# Best Theological Library?



## thistle93 (Jun 29, 2014)

Hi! What are some of the greatest theological libraries in the world and/or United States? 
More interested in the USA ones since those would be accessible to me but just curious about those abroad. Thanks! 

For His Glory-
Matthew


----------



## Phil D. (Jun 29, 2014)

From a broad historical perspective, the Vatican Library

From a more Protestant-centric perspective, Princeton Theological Seminary Library


----------



## Jake (Jun 29, 2014)

I think it depends on what you are interested in.
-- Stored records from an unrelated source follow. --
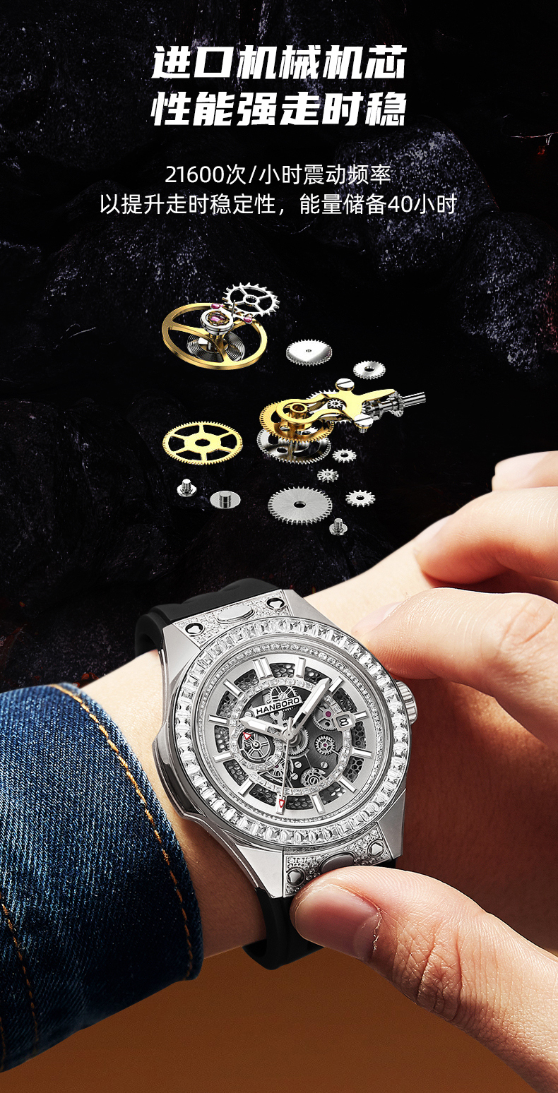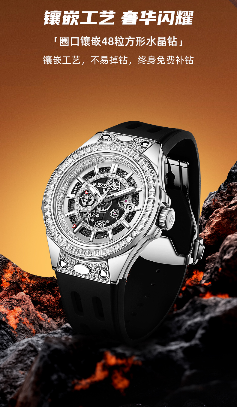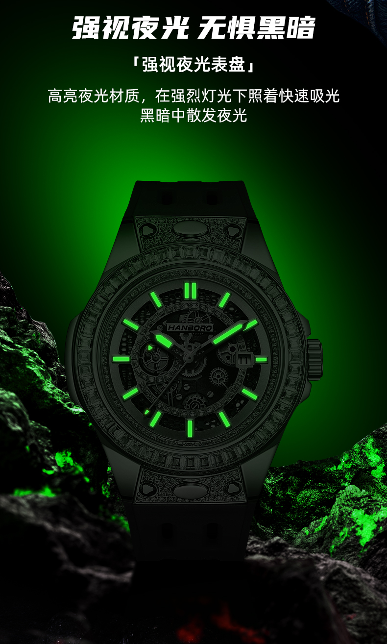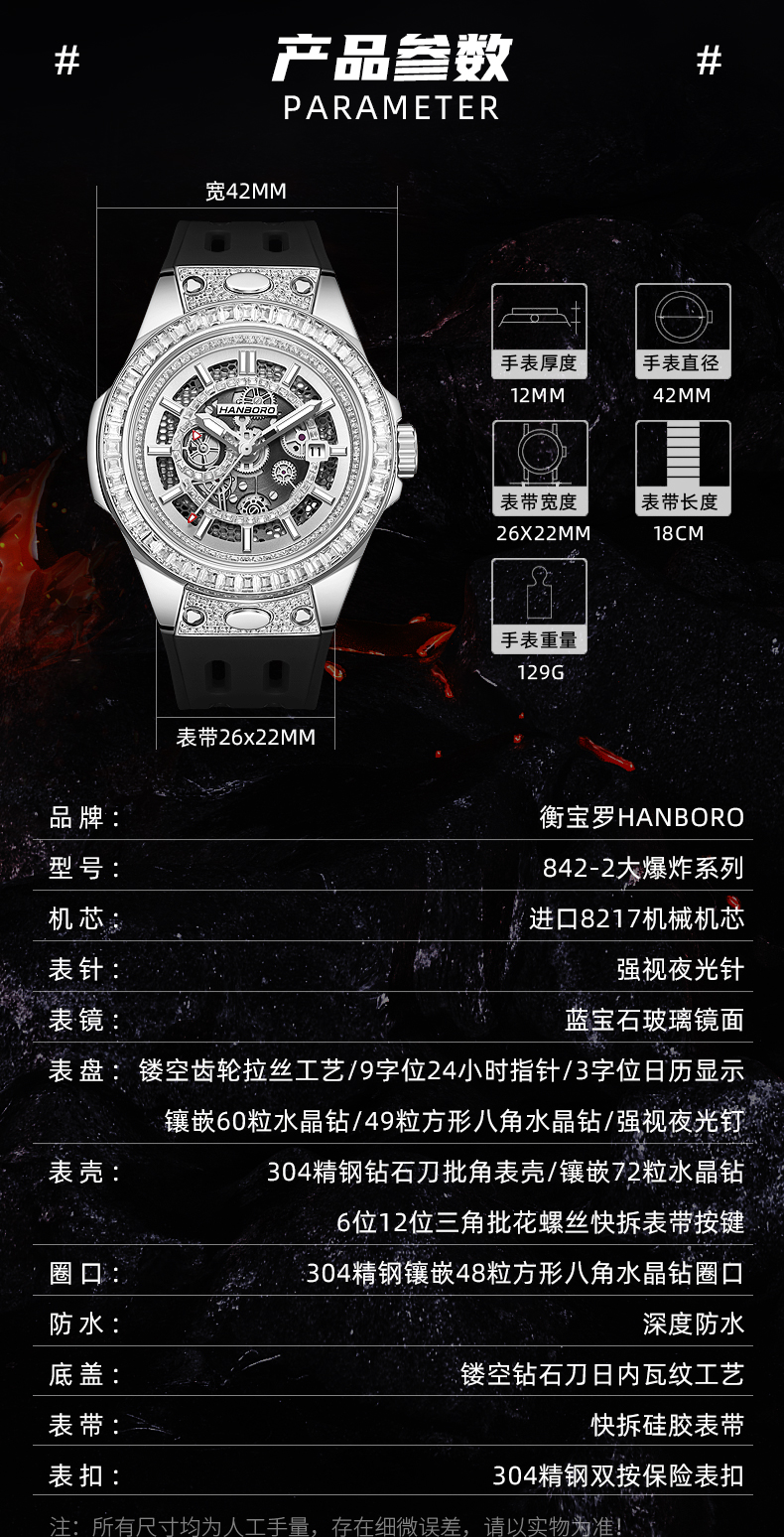 HANBORO men's fully automatic mechanical watch with diamond inlay, fashionable night light waterproof watch 842-2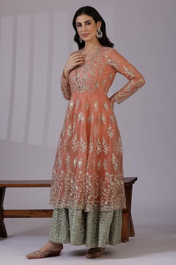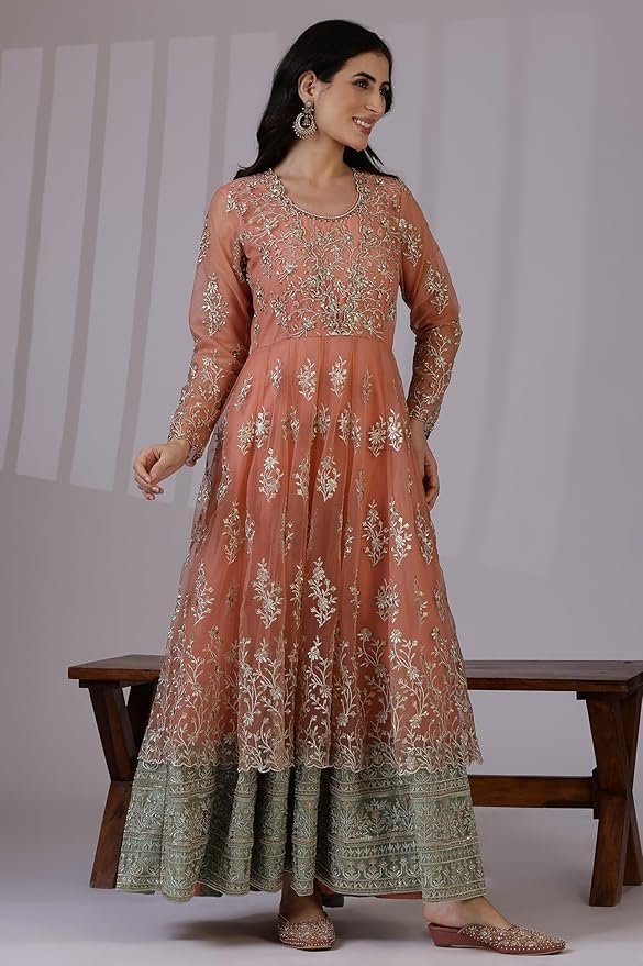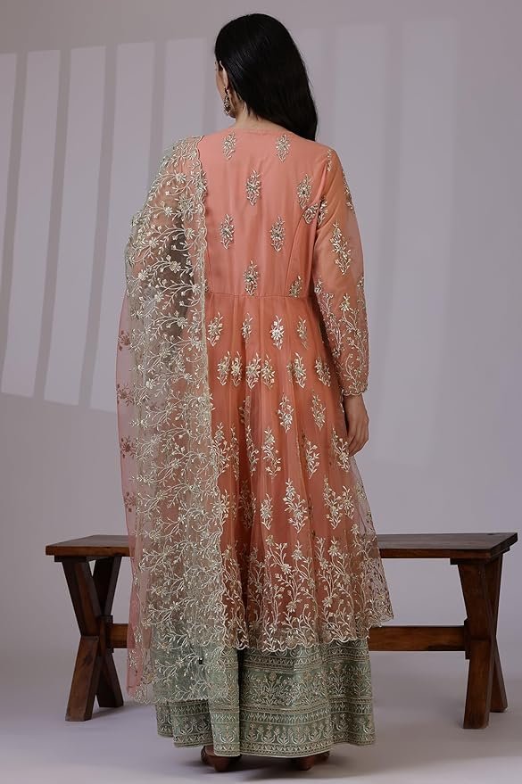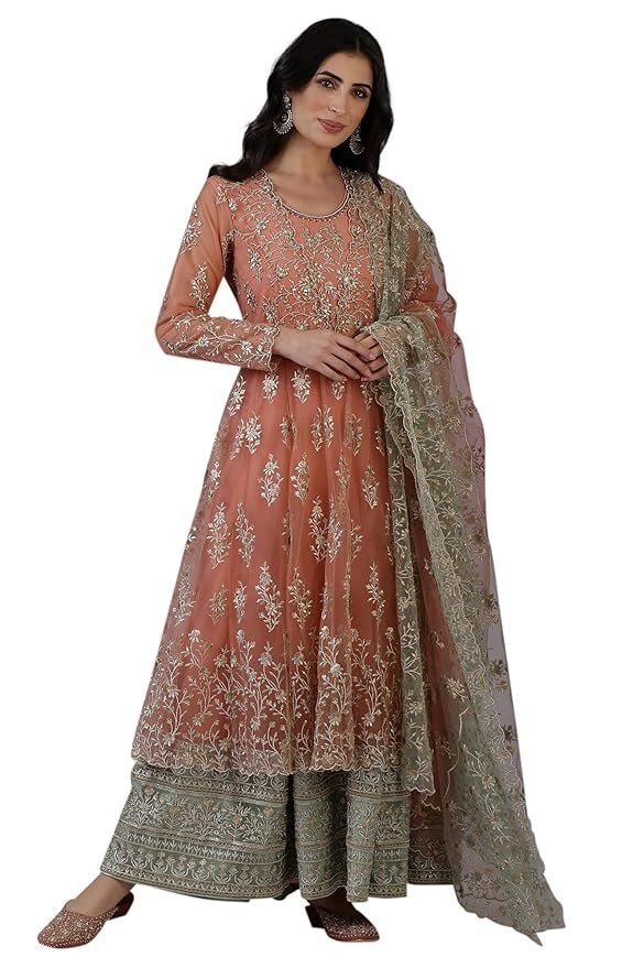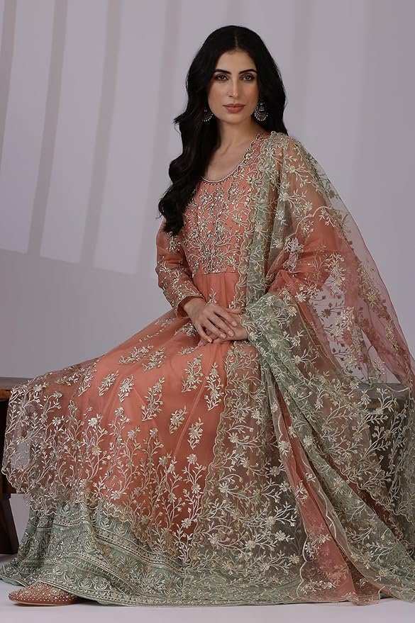 • Style this beautiful heavy festive dress and dupatta set with our jewellery and heels to get statement look.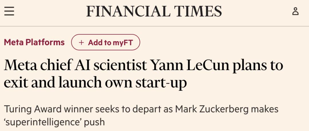 忍无可忍,LeCun离职Meta。 金融时报消息,LeCun向同事透露了自己的离职计划,下一步打算创业。 数个月的重重挤兑之下,一忍再忍的LeCun,还是爆发了…… 消息一出,Meta的市值直接在盘前交易中蒸发了1.5%,也就是200多亿美金,大致相当于1400多亿人民币,并且开盘后仍在持续下跌。 与此同时,小扎也正在调整Meta的AI战略,以追赶谷歌和OpenAI,LeCun领导了十多年、代表着长期主义的FAIR实验室,将被战略性放弃。 这种放弃也早有征兆——上个月,在首席AI官亚历山大王的主导之下,Lecun治下的FAIR连同总监在内600多人被一刀裁掉。 这也成了压在LeCun身上的最后一根稻草,压抑已久的不满在此刻变成了离职的决心。 更何况更早之前,Meta在竖子亚历山大王的搅和下,也已经容不下太学术太理论的研究了。 受尽挤兑,LeCun忍无可忍 LeCun的离开并非毫无征兆。 实际上,他对Meta的不满一直都在积累,自从Meta开始大刀阔斧调整AI战略之后,LeCun可以说是受尽了挤兑—— 首先是Meta的AI战略频繁摇摆,架构调整不断,短短6个月内就对内部AI部门进行了4次重组,导致研究无法推进。 ...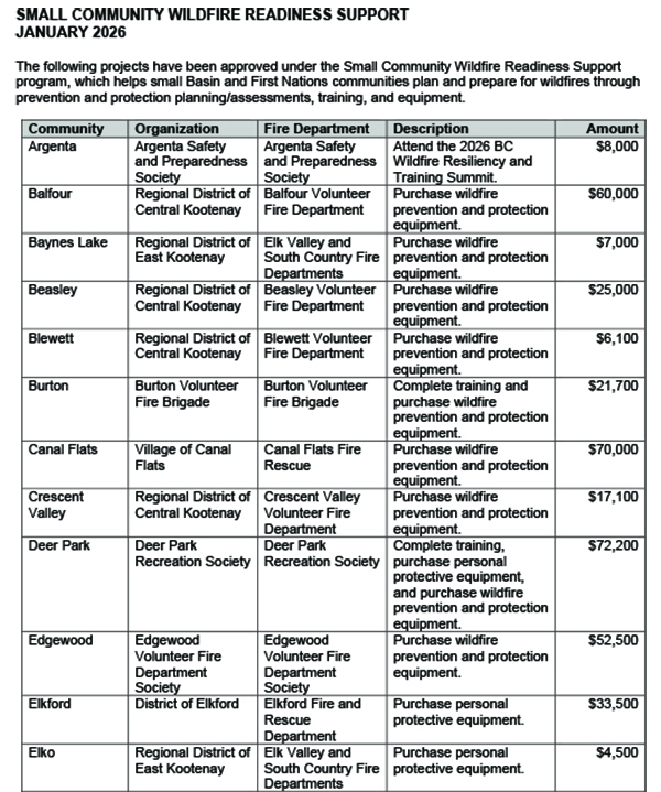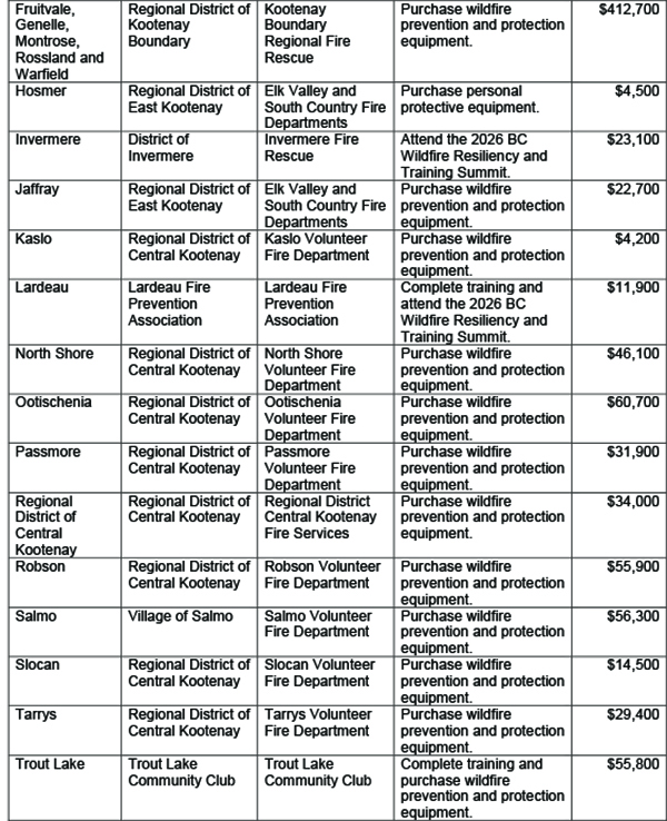 “The changing climate is increasing the likelihood of wildfires, and these projects show how seriously Basin communities are taking preparedness,” said Kris Belanger, Senior Manager, Delivery of Benefits, Columbia Basin Trust. “By strengthening local fire departments with better training and equipment, they’re helping make the region more resilient to climate change.”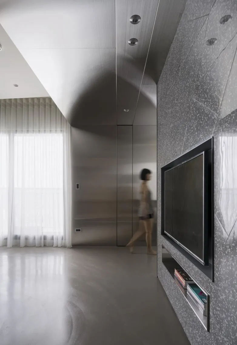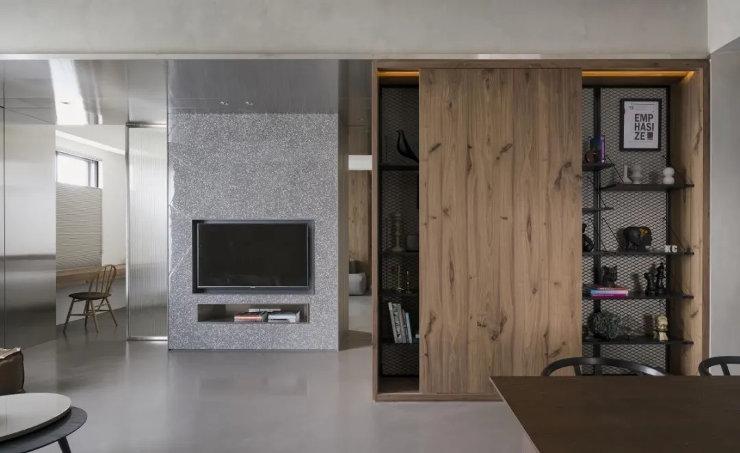 電視主牆利用磨石子磁磚,在水泥質感中揉合了自然石質的感受,並與天花處的大型不銹鋼框架、盤多魔地板相互呼應,透過不同材質展現灰色調的豐富層次。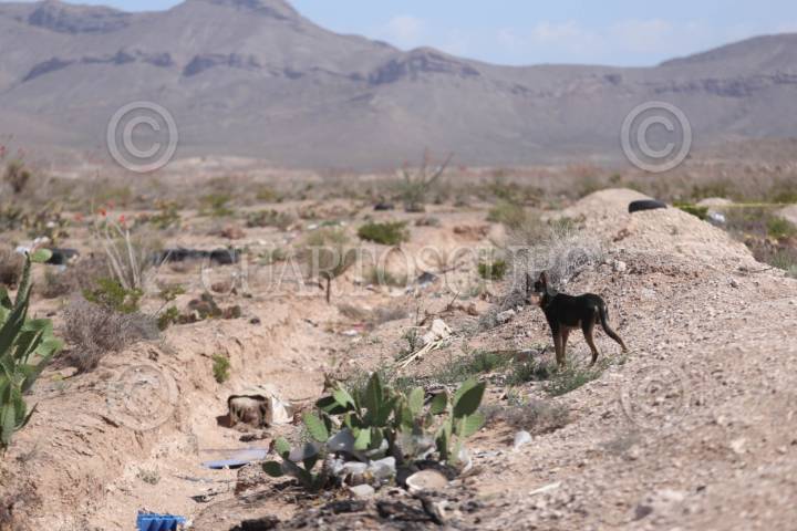 CIUDAD JUÁREZ, CHIHUAHUA, 20ABRIL2026.- La mañana de este lunes fue localizado un cuerpo en estado de descomposición, envuelto en una cobija, en el cruce de la calle De los Patos y la carretera, en la colonia Kilómetro 29. Vecinos alertaron a las autoridades tras observar a varios perros devorando el cadáver. Con este hallazgo, suman 50 homicidios en lo que va del mes en Ciudad Juárez. FOTO: MANUEL SÁNCHEZ/CUARTOSCURO.COM
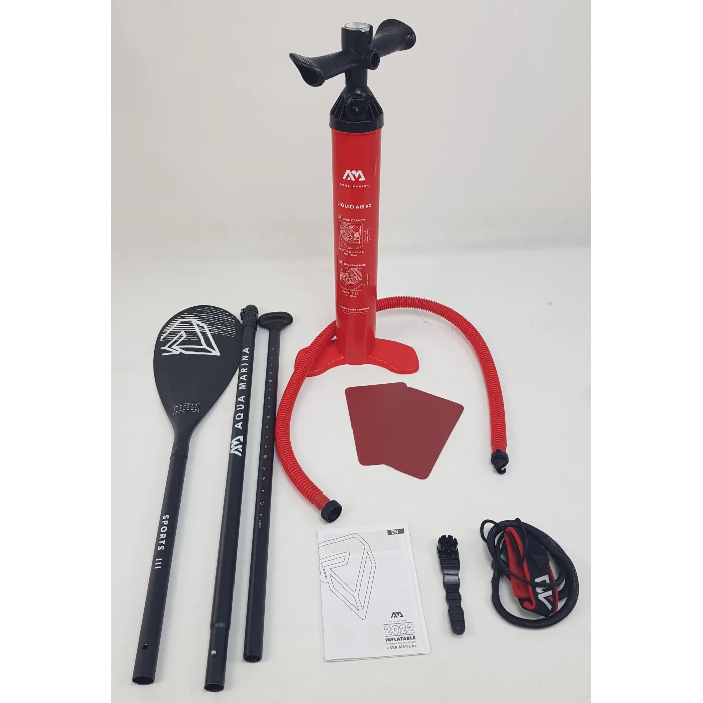 - Pompka Aqua Marina Double Action LIQUID AIR V2 o większej pojemności tłoka, pozwalająca na szybkie i łatwe napompowanie deski.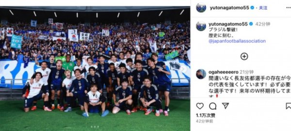 Bravo!长友佑都社媒庆祝:击败巴西队!今日将载入史册

For example, I hear that Calvin Seminary in Grand Rapids has one of the best collections for those interested in works by and about John Calvin their library.


----------



## CharlieJ (Jun 29, 2014)

Yeah, when you put Princeton Theological Seminary together with Princeton University across the street, it's a powerhouse.


----------



## Curt (Jun 29, 2014)

The theological library at Charles University in Prague is dynamite - in several languages.


----------



## Jash Comstock (Jun 30, 2014)

Midwestern Baptist Theological Seminary has Spurgeon's personal library, though I believe the books are currently undergoing restoration. I saw them once as a boy (my dad loved Spurgeon) it was fantastic.


----------